Believing isn’t necessarily Seeing
The navigation team works really hard. The intensity at which they must persist everyday is really interesting to observe because they take such pride in the work and because they are so serious about it. And why shouldn’t they be? They are responsible for tracking our canoe some 2400 miles across the ocean. So this team has to watch and be alert with all of their senses. That requires them to be present at all times. When we describe navigation to groups just getting on the canoe for the first time, we talk about how this system is about observation and that the keenness of our observation is what will determine what can be used as a clue to find direction. On this journey, the way the canoe changes pitch against the waves is a clue. The wind getting louder (or softer) relative to our speed is a clue. A star peeking out of the black night is definitely a clue. But one has to be aware of and ready to react to these clues to keep the course, as every deviation needs to be accounted for as we make our way home.

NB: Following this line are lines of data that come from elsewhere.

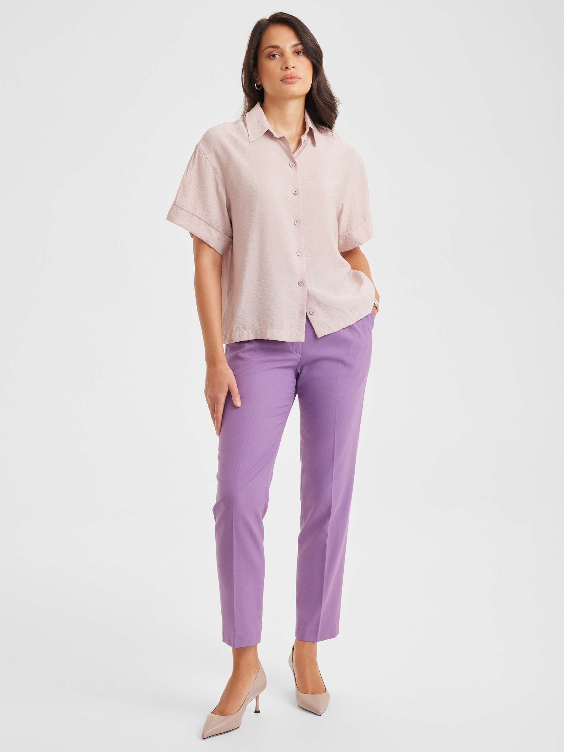 Укороченная блузка SINAR прямого силуэта в нежно-розовом оттенке выглядит свежо и лёгко, создавая воздушный летний образ. Короткие рукава и дышащая ткань обеспечивают комфорт в жаркую погоду, делая модель идеальной для прогулок и повседневных летних сочетаний.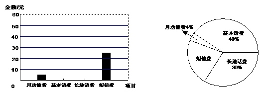 21.小王某月手机话费中的各项费用统计情况见下列图表,请你根据图表信息完成下列各题:
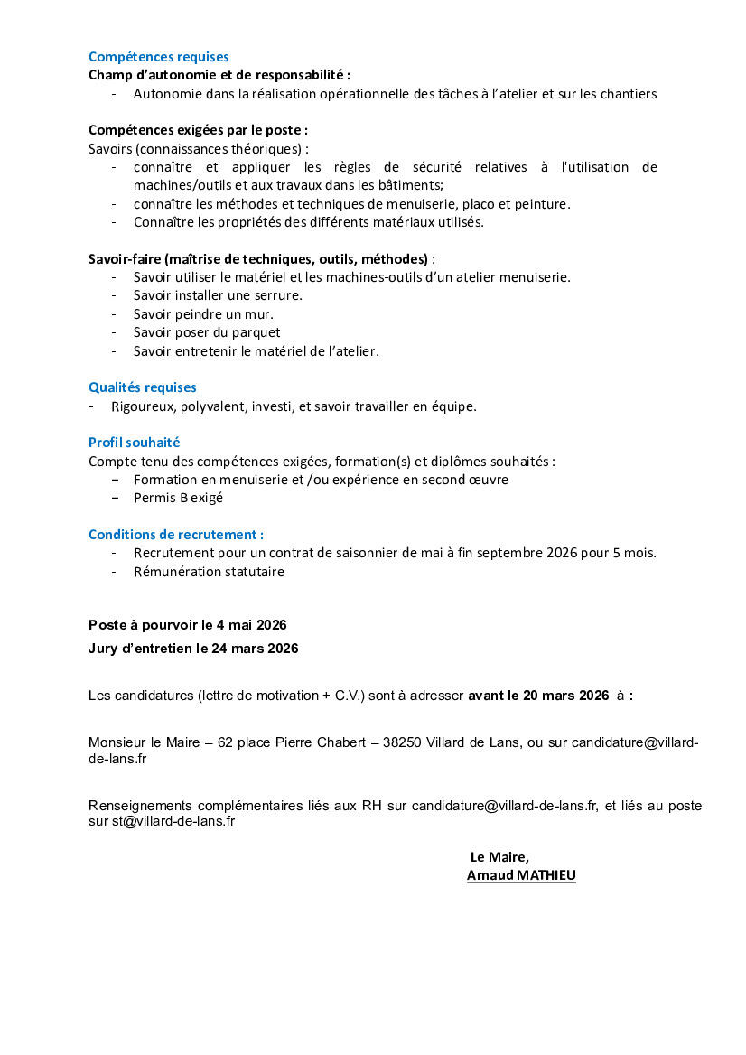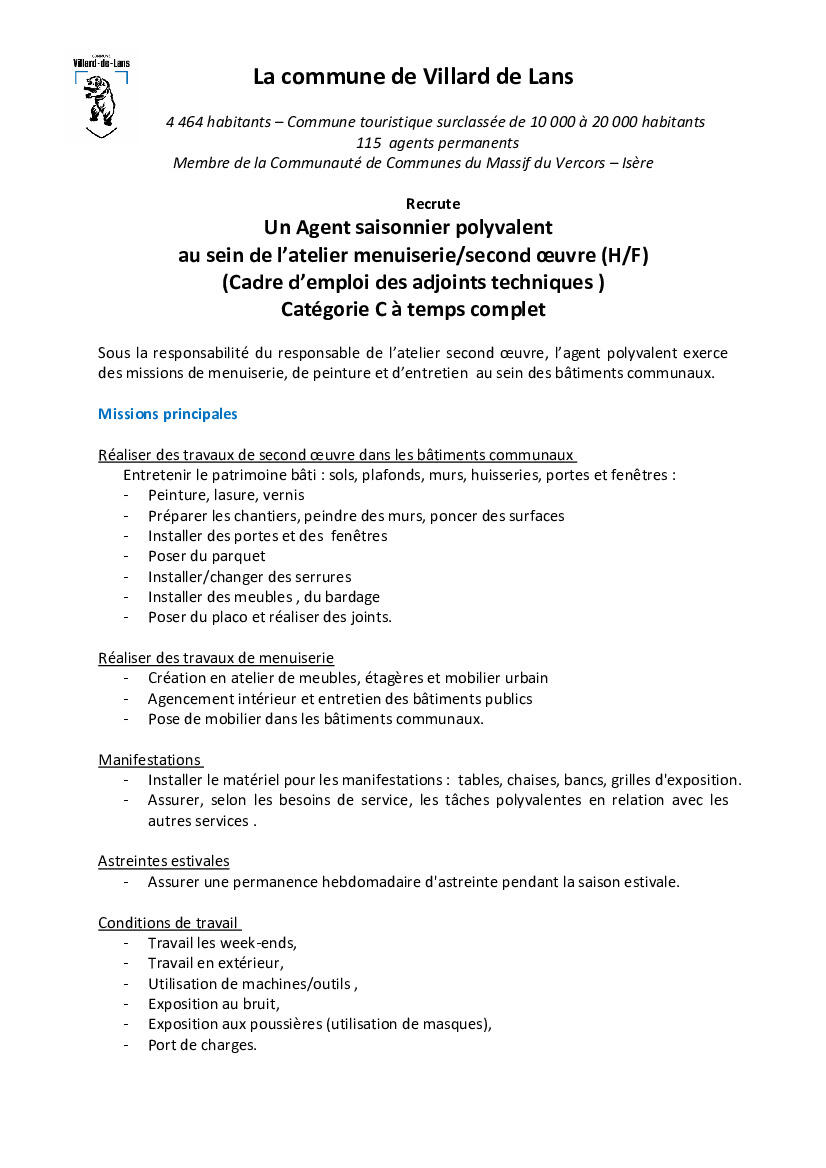 La mairie recherche un Agent saisonnier polyvalent au sein de l’atelier menuiserie/second œuvre (H/F)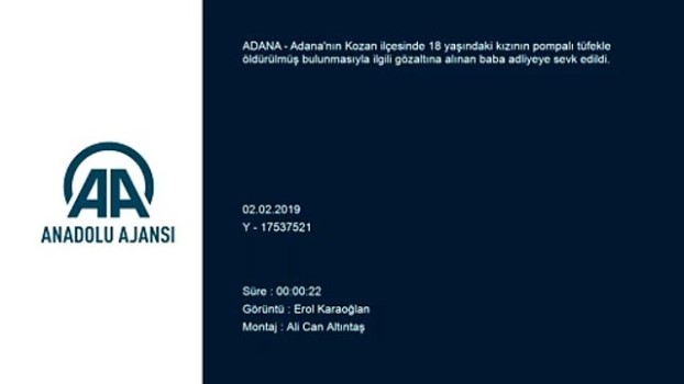 - Adana 'da genç kızın ölü bulunması - Adliye görüntüsü - Zanlının gelişi ve adliyeye çıkışı Adana 'da genç kızın ölü bulunması - Kozan ilçesinde kızının pompalı tüfekle öldürülmüş bulunmasıyla ilgili gözaltına alınan baba adliyeye sevk edildiADANA (AA) - Adana 'nın Kozan ilçesinde 18 yaşındaki kızının pompalı tüfekle öldürülmüş bulunmasıyla ilgili gözaltına alınan baba adliyeye sevk edildi.Dün Tavşantepe Mahallesi Hasan Sehlikoğlu Caddesi'ndeki evde Tuğçe T'nin (18) pompalı tüfekle öldürülmüş olarak bulunduğu sırada diğer odada baygın halde yatan baba K.T. hastanedeki tedavisinin ardından gözaltına alındı.İlaç içerek intihar girişiminde bulunduğu iddia edilen K.T'nin, emniyetteki ifadesinde kızını, erkeklerle gezdiği için öldürdüğünü öne sürdüğü öğrenildi.Şüpheli baba, emniyetteki işlemlerinin ardından adliyeye sevk edildi. - OlayKozan İlçe Emniyet Müdürlüğünü arayan bir kişi, babasının kardeşini öldürmüş olabileceği ihbarında bulunmuştu. İhbar üzerine Tavşantepe Mahallesi Hasan Sehlikoğlu Caddesi'ndeki eve giden ekipler, Tuğçe T'yi odasında pompalı tüfekle öldürülmüş bulmuştu.Diğer odada hareketsiz yatan baba K.T. ise Kozan Devlet Hastanesine kaldırılmıştı. Genç KızHastaneİntihar GirişimiPompalı Tüfek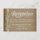 Esta tarjeta de recepción de boda tiene un aspecto vintage antiguo de arpillera con enredaderas blancas y flores hacia arriba en el lado izquierdo. Ideal para bodas campestres, bodas en un granero y bodas de vaquero. Elija entre esquinas cuadradas o redondeadas. Simplemente agregue los detalles de su recepción en el reverso de la tarjeta.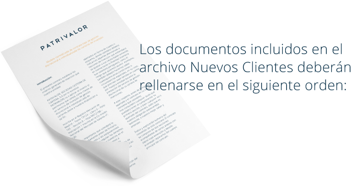 Este es el único documento del que Patrivalor debe recibir el original. Es necesaria la firma de todos los titulares (cotitulares) asi como de los autorizados, apoderados etc y fotocopias del DNI o NIF de cada uno.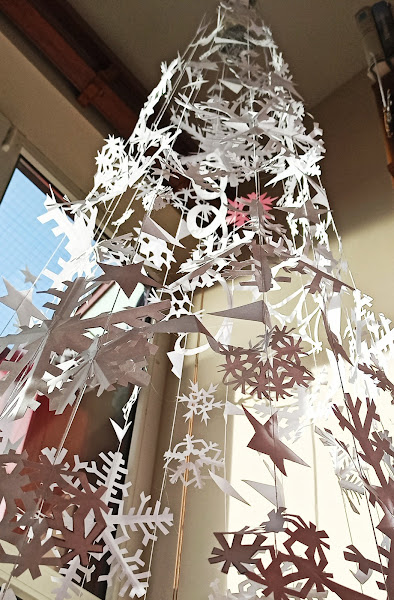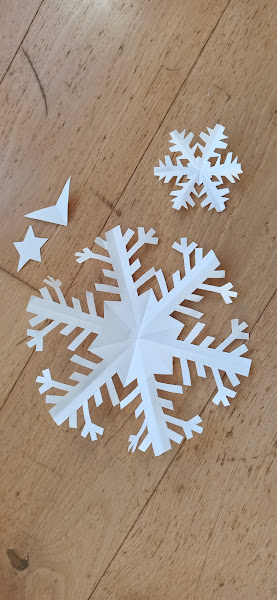 Ahora tocaba el trabajo en grupo. así que con la ayuda de mis hij@s nos pusimos a hacer copos de nieve, estrellas y decoraciones de papel de todos los tamaños.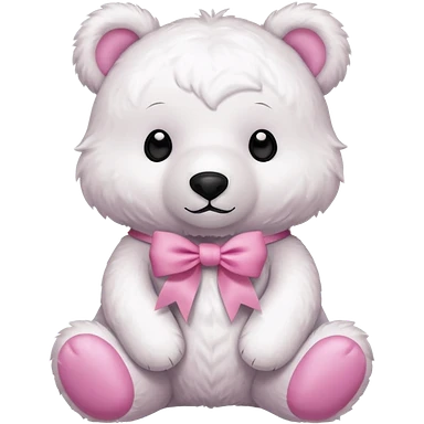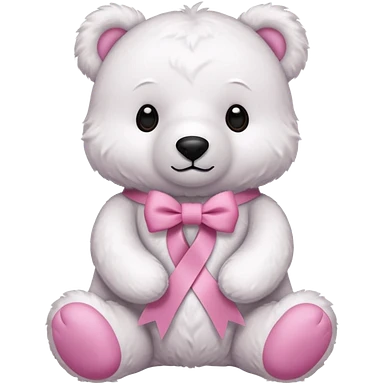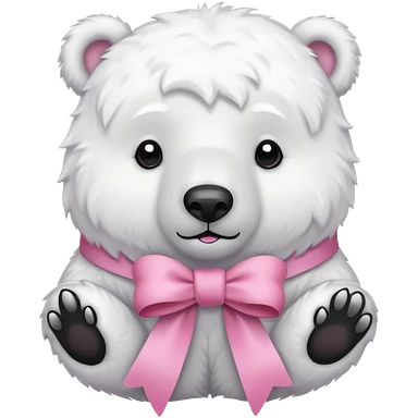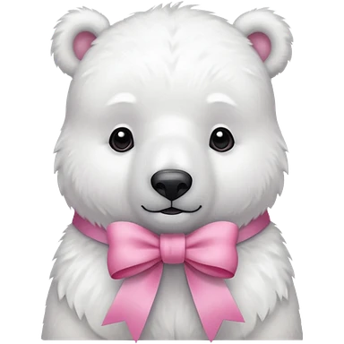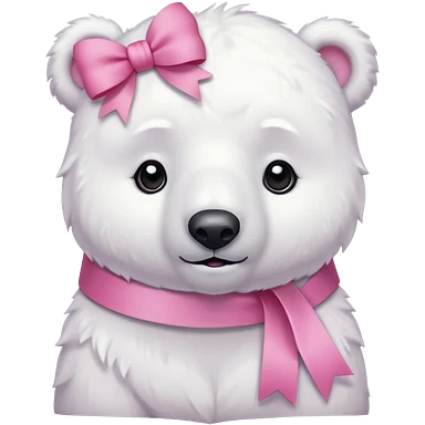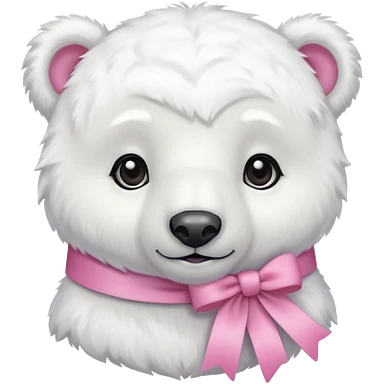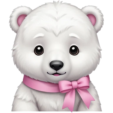 baby white polar bear with pink ribbon emoji | AI Emoji Generator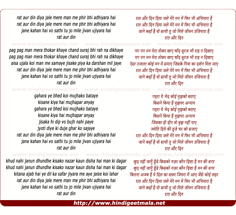 Lyrics of Raat Aur Din Diya Jale, Mere Man Me Phir Bhi Andhiyara Hai (By Mukesh) - रात और दिन दिया जले मेरे मन में फिर भी अंधियारा है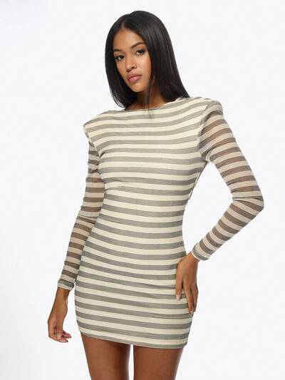 MISSGUIDED Mini-robe moulante à rayures et manches longues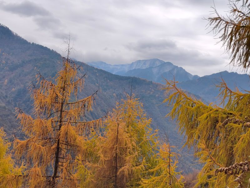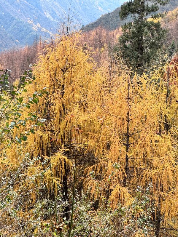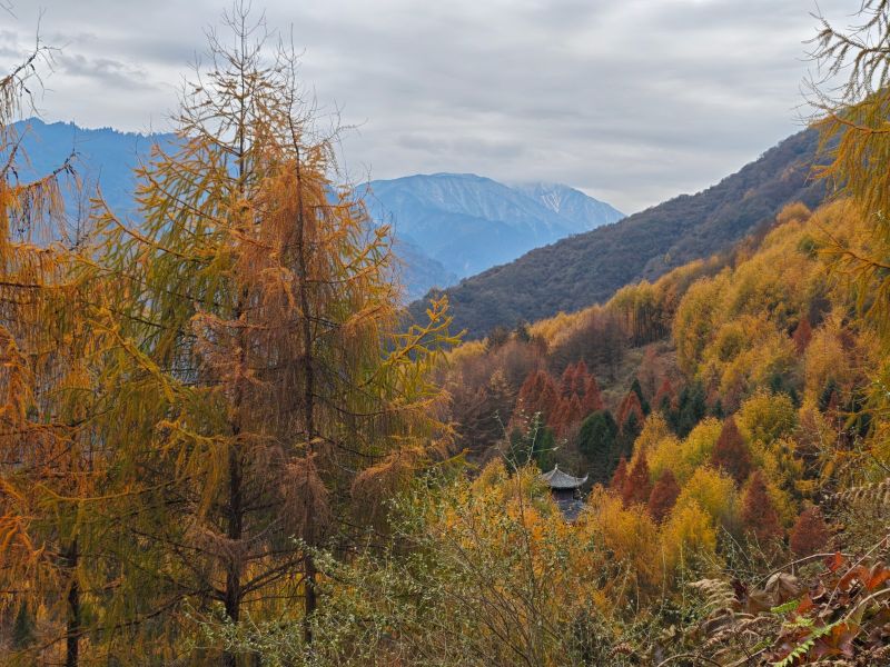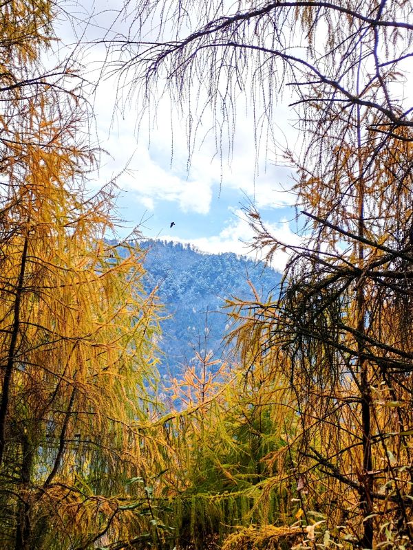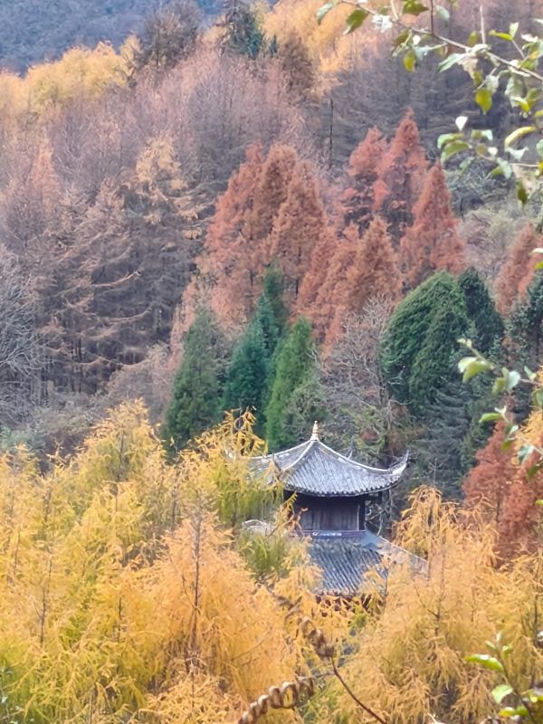 整个行程轻松愉快,领队也很认真负责,行进中提醒各种注意事项,尽管错过了最美的时候,在11的指引下,还是看到寺庙、雪山和金色的松林交相辉映的美景,非常开

Bruce is really interesting to watch. He might be asleep on the top bunk on the deck, but when the canoe slows down because we turned too high into the wind, his naʻau will wake him up. He will sit up in that dark night and say, “You guys gotta come down;” and as we steer down off the wind, he will be lulled back to sleep as the course settles down inside him. That’s the bar — Bruce is really the bar that everyone on board sets as the goal to be like, but no one more than the navigation team. They are in charge of the course, and Bruce is here to make sure that everything is safe and that the team is successful.
As a photographer I have trained to be a very careful observer of people. I watch these navigators concentrate on the rhythm of this leg of this voyage, to the point where they stand at the stern of the canoe to take it all in and actually feel their way across this massive body of water. They are vigilant at night, always scanning the dark sky for any visible clue to give truth to what their other senses are whispering. Part of the test that I have witnessed the navigators partake in is being blind and having to find their way. We have had night after night of near 100% cloud cover block their eyes from the simple clues: the stars and planets. They are forced to look into the wave and to read the wind, not with their eyes but with their feet as the canoe rocks through their body, and with the feeling of the wind on their skin as they stand on the back of the deck, all the while waiting for a sign that the path is true. Then there comes that moment Venus will poke through a cloud, sometimes for a mere 30 seconds – but Venus shows up right where Venus is supposed to be. The direction is confirmed, and the team becomes a little more confident. Night after night now this is how it goes, seeking in the darkness for what cannot be seen.
I guess sometimes you gotta be blind to really see.